The data that you have been given are from 2003. At that time, the afternoon
class met starting at 3:00, not 2:00, so the time calculations will be different
(see below).
When using viable plate counts, the usual requirement is that the number of
colonies be between 20-200. We are sticking to that rule. Don't forget to calculate the time spent at room temperature for each hamburger
sample. Double check your work, because your
graphs and conclusions will be messed up if the correct times haven't been
calculated. The rest of the calculations may take a while, although with Excel I
did it very quickly. Each (usable)
value must be multiplied by the correct dilution factor.
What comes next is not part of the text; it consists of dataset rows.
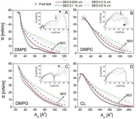To further elucidate the film behaviour, the surface compressional modulus K of the monolayers was calculated according to Equation (2) (inset of Figure 2A). This parameter provides complementary information on the variation of the thermodynamic and structural properties of the monolayer. As expected, for a pure DMPE monolayer, this parameter becomes vanishingly small at the LE-LC transition, at a surface pressure close to 7 mN/m. Then it progressively increases until an abrupt variation occurs in correspondence with the LC-S transition (see the arrow in the inset of Figure 2A), reaching its maximum value where the collapse emerges, before declining again. In the presence of SEO, the values of K decrease regularly in all thermodynamic phases of the monolayer, as a consequence of the weakening of lipid packing caused by SEO, evidencing a “fluidifying” effect. The overall fluidization of the monolayer is further reflected in the continuous decrease of the absolute maximum of K with increasing SEO content [31,36]. A similar decrease in values of K for lipid monolayers has been reported in the literature for other essential oils and drug–lipid mixed films [37].
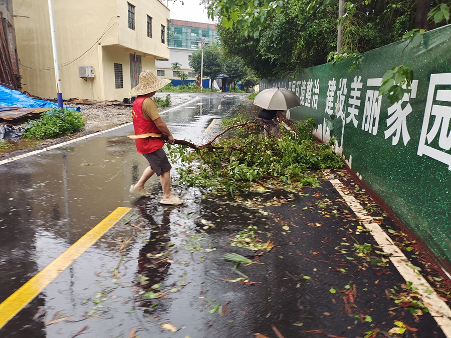 龍門村(社區(qū))“兩委”干部清理路面倒塌樹木,確保道路暢通。惠州日報記者黃宇翔 通訊員譚翠蓮 攝
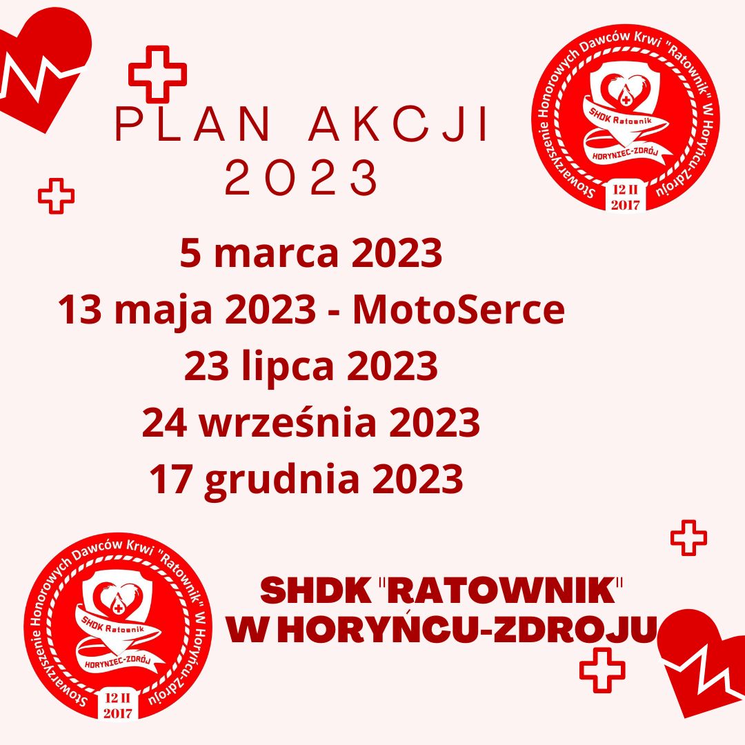 W 2023 roku SHDK "Ratownik" planuje przeprowadzić 5 akcji zbiórki krwi. Pierwsza odbędzie się już w marcu. W późniejszych terminach krew będzie można także oddać w maju, lipcu, wrześniu oraz grudniu.
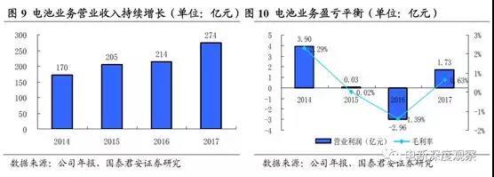 年報(bào)數(shù)據(jù)顯示,2017年LG化學(xué)電池業(yè)務(wù)(包括小型電池、動(dòng)力電池和ESS電池)收入274億元,占總收入的17%,電池業(yè)務(wù)營業(yè)利潤1.73億元。對比來看,近年來公司電池業(yè)務(wù)營業(yè)收入持續(xù)增長,但營業(yè)利潤一直處于較低水平,如下圖所示(2016年為負(fù)值,2015年和2017年?duì)I業(yè)利潤為正,但毛利率接近為0):
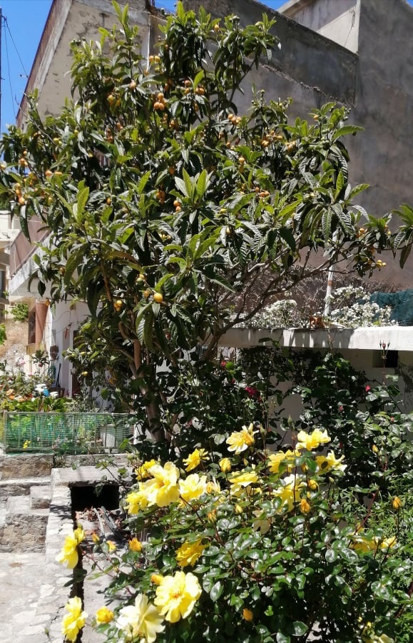 Ζουμπούλια, τριαντάφυλλα διαφόρων χρωμάτων, γιασεμιά, κρίνοι, σκυλάκια, μαργαρίτες, γεράνια, βασιλικοί, αρμπαρόριζες, και αμέτρητες ακόμη ποικιλίες ευωδιαζόντων ανθέων και φυτών κοσμούν το «αυλιδάκι» της κ. Ελένης. Πιο κει μια πανέμορφη δεσπολιά (μουσμουλιά) με τον χρυσοποίκιλτο-πεντανόστιμο καρπό της να προκαλεί σκανδαλιστικά! Σταμάτησα αθόρυβα και μυρίστηκα τις μεθυστικές ευωδιές! Όμως και μόνο που είδα τόσα όμορφα άνθη, αισθάνθηκα μιαν αφόρητη ψυχική πληρότητα!!! Ελένη σ’ ευχαριστώ πολύ για την ομορφιά που κερνάς τους περαστικούς από τον Κάτω Μύλο!!!

You may directly graph bacteria
(CFU) vs time, but it will be more important to make additional data conversions to make a useful graph (resembling Growth Problem #2).
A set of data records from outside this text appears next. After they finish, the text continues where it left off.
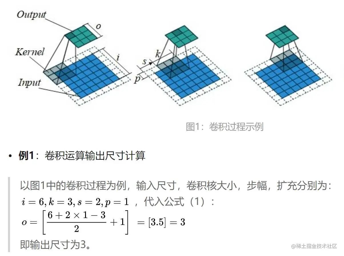 卷积就是对相邻的一片数据进行加权求和得到一个数的一种“合并”操作,将此操作对输入张量进行滑动扫描以得到输出张量。循着这个过程,我们很容易推导出卷积输出尺寸的计算公式。
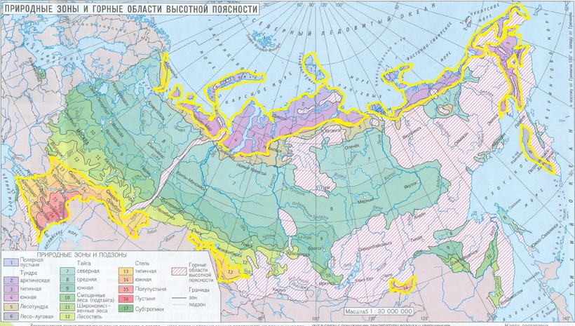 «Лесное пятно» на карте занимало около половины равнинной территории. Если отнять от остатков переходные зоны лесотундры и лесостепи, то на безлесные просторы остаётся порядка 10% земель. На этой скромной площади сформировались такие природные зоны:
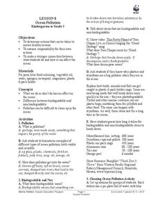Students explore ocean pollution. In this ecology lesson, students view a video entitled This Pretty Planet and identify common biodegradable products. Students participate in activities designed to simulate the negative effects of...
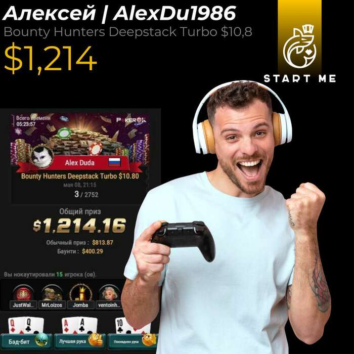 - Алексей | AlexDu1986: $1,214 - Bounty Hunters Deepstack Turbo $10,8 (GGPokerok, 3/2264)

For this graph you should create a trendline. This is needed to calculate generation time.
I have included ALL the data.
| Class= | am | Class= | am | Class= | am | Class= | am | |||
| Sample= | Sun 3:30 p | Sample= | Sun 9:30p | Sample= | Mon 6:30a | Sample= | Mon 9:30a | |||
| Plate: | colony ct | Plate: | colony ct | Plate: | colony ct | Plate: | colony ct | |||
| a1 1.0 ml | ND | a1 1.0 ml | ND | a1 1.0 ml | TNTC | a1 1.0 ml | TNTC | |||
| a2 1.0 ml | ND | a2 1.0 ml | ND | a2 1.0 ml | TNTC | a2 1.0 ml | TNTC | |||
| a1 0.1 ml | ND | a1 0.1 ml | ND | a1 0.1 ml | TNTC | a1 0.1 ml | TNTC | |||
| a2 0.1 ml | ND | a2 0.1 ml | ND | a2 0.1 ml | TNTC | a2 0.1 ml | TNTC | |||
| b1 1.0 ml | TNTC | b1 1.0 ml | TNTC | b1 1.0 ml | TNTC | b1 1.0 ml | TNTC | |||
| b2 1.0 ml | TNTC | b2 1.0 ml | TNTC | b2 1.0 ml | TNTC | b2 1.0 ml | TNTC | |||
| b1 0.1 ml | TNTC | b1 0.1 ml | 205 | b1 0.1 ml | 92 | b1 0.1 ml | 179 | |||
| b2 0.1 ml | TNTC | b2 0.1 ml | TNTC | b2 0.1 ml | 55 | b2 0.1 ml | 36 | |||
| c1 1.0 ml | 229 | c1 1.0 ml | 196 | c1 1.0 ml | ND | c1 1.0 ml | ND | |||
| c2 1.0 ml | 167 | c2 1.0 ml | 60 | c2 1.0 ml | ND | c2 1.0 ml | ND | |||
| c1 0.1 ml | 37 | c1 0.1 ml | 17 | c1 0.1 ml | ND | c1 0.1 ml | ND | |||
| c2 0.1 ml | 23 | c2 0.1 ml | 15 | c2 0.1 ml | ND | c2 0.1 ml | ND | |||
| Class= | pm | Class= | pm | Class= | pm | Class= | pm | |||
| Sample= | Sun 3:30 p | Sample= | Mon 6:30a | Sample= | Mon 9:30a | Sample= | Mon 3:30 p | |||
| Plate: | colony ct | Plate: | colony ct | Plate: | colony ct | Plate: | colony ct | |||
| a1 1.0 ml | ND | a1 1.0 ml | ND | a1 1.0 ml | TNTC | a1 1.0 ml | TNTC | |||
| a2 1.0 ml | ND | a2 1.0 ml | ND | a2 1.0 ml | TNTC | a2 1.0 ml | TNTC | |||
| a1 0.1 ml | ND | a1 0.1 ml | ND | a1 0.1 ml | TNTC | a1 0.1 ml | TNTC | |||
| a2 0.1 ml | ND | a2 0.1 ml | ND | a2 0.1 ml | TNTC | a2 0.1 ml | TNTC | |||
| b1 1.0 ml | TNTC | b1 1.0 ml | TNTC | b1 1.0 ml | TNTC | b1 1.0 ml | TNTC | |||
| b2 1.0 ml | TNTC | b2 1.0 ml | TNTC | b2 1.0 ml | TNTC | b2 1.0 ml | 198 | |||
| b1 0.1 ml | TNTC | b1 0.1 ml | TNTC | b1 0.1 ml | 299 | b1 0.1 ml | 401 | |||
| b2 0.1 ml | TNTC | b2 0.1 ml | 222 | b2 0.1 ml | 199 | b2 0.1 ml | TNTC | |||
| c1 1.0 ml | TNTC | c1 1.0 ml | 38 | c1 1.0 ml | ND | c1 1.0 ml | ND | |||
| c2 1.0 ml | 371 | c2 1.0 ml | 45 | c2 1.0 ml | ND | c2 1.0 ml | ND | |||
| c1 0.1 ml | TNTC | c1 0.1 ml | 4 | c1 0.1 ml | ND | c1 0.1 ml | ND | |||
| c2 0.1 ml | 88 | c2 0.1 ml | 11 | c2 0.1 ml | ND | c2 0.1 ml | ND |
Class: am or pm. Columns headed with "am" were data obtained a 9:30 Monday morning. Columns headed with "pm" were obtained at 3:30 (not 2:30!!) Monday afternoon. "a" is the first dilution, "b" the second, etc. a1 and a2 are duplicates of each other. TNTC means too numerous to count. ND = not determined. The data are NOT in any particular order other than from least to most dilute.